Laut der "Deutsche Depressionshilfe" erkrankt jeder fünfte Bundesbürger ein Mal im Leben an einer Depression.
Manager sind davon genauso betroffen wie Lehrer oder Erwerbslose. Auch Kinder oder ältere Menschen können an Depression erkranken.

Neben den Depressionen, gibt es viele weitere psychische Erkrankungen, die sehr oft dringliche medikamentöse aber vor allem therapeutische Hilfen bedarf.

Leider ist für eine schnelle Hilfe oft nicht gesorgt. Die Therapieeinrichtungen sind überfüllt und die Wartelisten gehen nicht selten über die 6 Monate hinaus.

Um so erschreckender ist es, das es nach einer Anfrage der AfD-Fraktion Baden-Württemberg Asylbewerber hier einen Vorzug erhalten. Die 5 psychosozialen Zentren für Asylbewerber werden von der Landesregierung mit je
140. 000 Euro gefördert. Hier erhalten Asylbewerber 2x die Woche ohne Voranmeldung psychische Beratungs- und andere Hilfsangebote.
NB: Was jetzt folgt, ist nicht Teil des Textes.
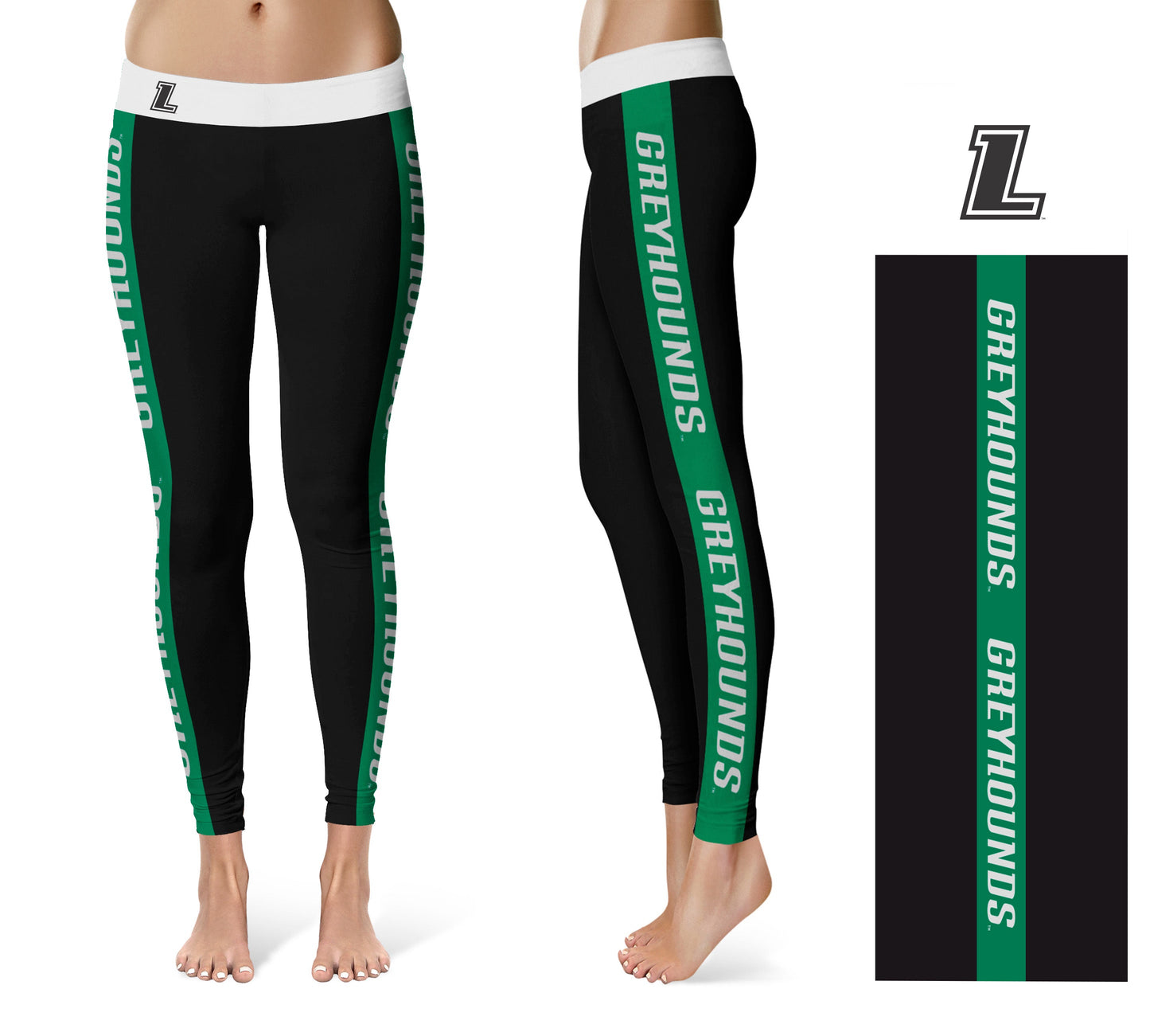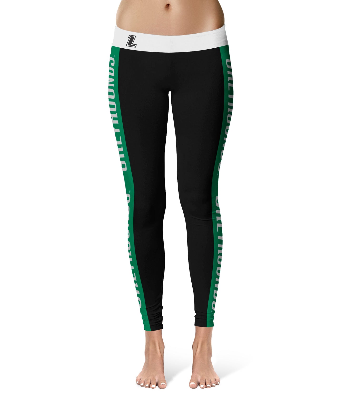 Loyola Maryland Greyhounds Game Day Green Stripes Black Yoga Leggings for Women by Vive La Fete

Dies weißt eine Diskriminierung an deutsche auf.
Sind die deutschen erkrankten Personen weniger wert? Können deren psychischen Belastungen nicht eine ähnliche oder gar schlimmere Belastung sein?
Wer wiegelt hier tatsächlich über die Dringlichkeit ab.

Deutschland braucht endlich eine flächendeckende Grundversorgung um gegen die Volkskrankheit Depression besser gerüstet zu sein und diese wesentlich schneller behandeln zu können.

Im Schnitt bringt sich alle 40 Sekunden ein Mensch um. (Pro Tag 2160)
Vielen Menschen hätte man hier bereits helfen können.

Weitere Infos erhalten Sie hier:
https://www.deutsche-depressionshilfe.de/
https://www.depression-diskussion.de/

Wenn Sie selbst depressiv sind, Selbstmord-Gedanken haben, kontaktieren Sie bitte umgehend die Telefonseelsorge (www.telefonseelsorge.de). Unter der kostenlosen Hotline 0800-1110111 oder 0800-1110222 erhalten Sie Hilfe von Beratern, die Auswege aus schwierigen Situationen aufzeigen können.
Oder wählen Sie den Notruf 110 / 112 !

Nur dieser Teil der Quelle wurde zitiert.